In Scenario C, the aluminum window is now moved inward by approximately 1 ½”, in order to somewhat increase the exposure of the window to interior heat, without overly compromising the aesthetic requirements. In addition, a continuous aluminum plate is now used all around the window to secure the window in the rough opening (given the profile of the window, an aluminum plate is used rather than an aluminum angle). This plate is located outboard of the window thermal break. As shown in the colour infrared results, these modifications have resulted in a noticeable increase in the temperature of the window frame and the edge of the IGU, translating to increased condensation resistance of the window.

The above discussion illustrated the impact of the attachment method of a window (in this case a thermally broken aluminum window) on the overall condensation performance of the window. The discussion emphasised that the window attachment method requires specific attention in order to ensure that the overall condensation performance of the window is not negatively affected.

In addition to the attachment method, the detailing of the window rough opening can also have an impact on the overall condensation performance of the window. One such example which will be explored below is the back dam at the window sill.

When it comes to improving the rain penetration control at the window/wall transition, installing a back dam at the window sill has been a typical practice in the lower mainland of British Columbia, Canada. The height difference created by the back dam adds a level of protection in reducing the risk of water ingress. The back dam can be formed by several methods. One common method utilizes an aluminum or steel angle along the window sill as shown in the below photos. A layer of waterproofing membrane is then installed along the window sill, and up and over the angle.

In another method, a plywood strip is installed along the sill to serve as the back dam. Again, a waterproofing membrane is installed along the sill, and extended and up and over the plywood strip as shown in the below photo.

Although these two methods serve the same purpose, they can have different impacts on the condensation performance of the window along the sill. These impacts are explored in Scenarios D, E, and F using a vinyl window. In Scenario D, an aluminum angle is installed along the sill with the horizontal leg of the angle facing the outside. Scenario E is the same as Scenario D; however, the horizontal leg of the angle is now facing towards the inside of the building.  In Scenario F, the aluminum angle is replaced with a plywood strip. The results of the two-dimensional heat flow analysis using THERM 7.4. are shown below, using interior and exterior temperatures of 21 ˚C and -18 ˚C, respectively.

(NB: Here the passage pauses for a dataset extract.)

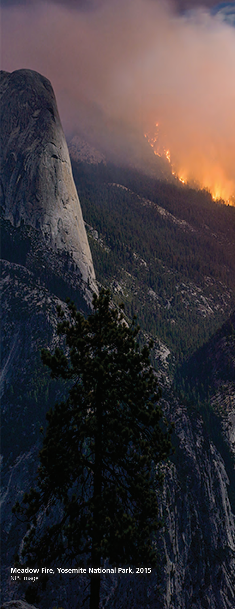
Half Dome, Yosemite National Park, 1867 NPS Image

As can be seen, Scenario E with the plywood back dam, offers the highest condensation resistance among the three evaluated Scenarios. This should not come as a surprise given that wood has much lower heat conductivity than aluminum, translating to a reduced rate of heat loss. When comparing Scenarios D and F, Scenario F (in which the horizontal leg of the angle is facing towards the inside of the building) offers improved condensation resistance. Again, this result is intuitively expected given that a larger area of the angle is exposed to the warm interior air in Scenario F.

Above results suggest that when it comes to selecting a material for the back dam, the logical choice is a material that has the lowest heat conductivity. To that note, the use of aluminum or steel angles should be avoided for this application. That said, it is acknowledged that sometimes, the structural attachment of the window to the rough opening demands the need for having a steel or aluminum angle along the sill. When dealing with these situations, one can still explore potential solutions that would render the impact of the steel/aluminum angles on the condensation and thermal performance of the windows.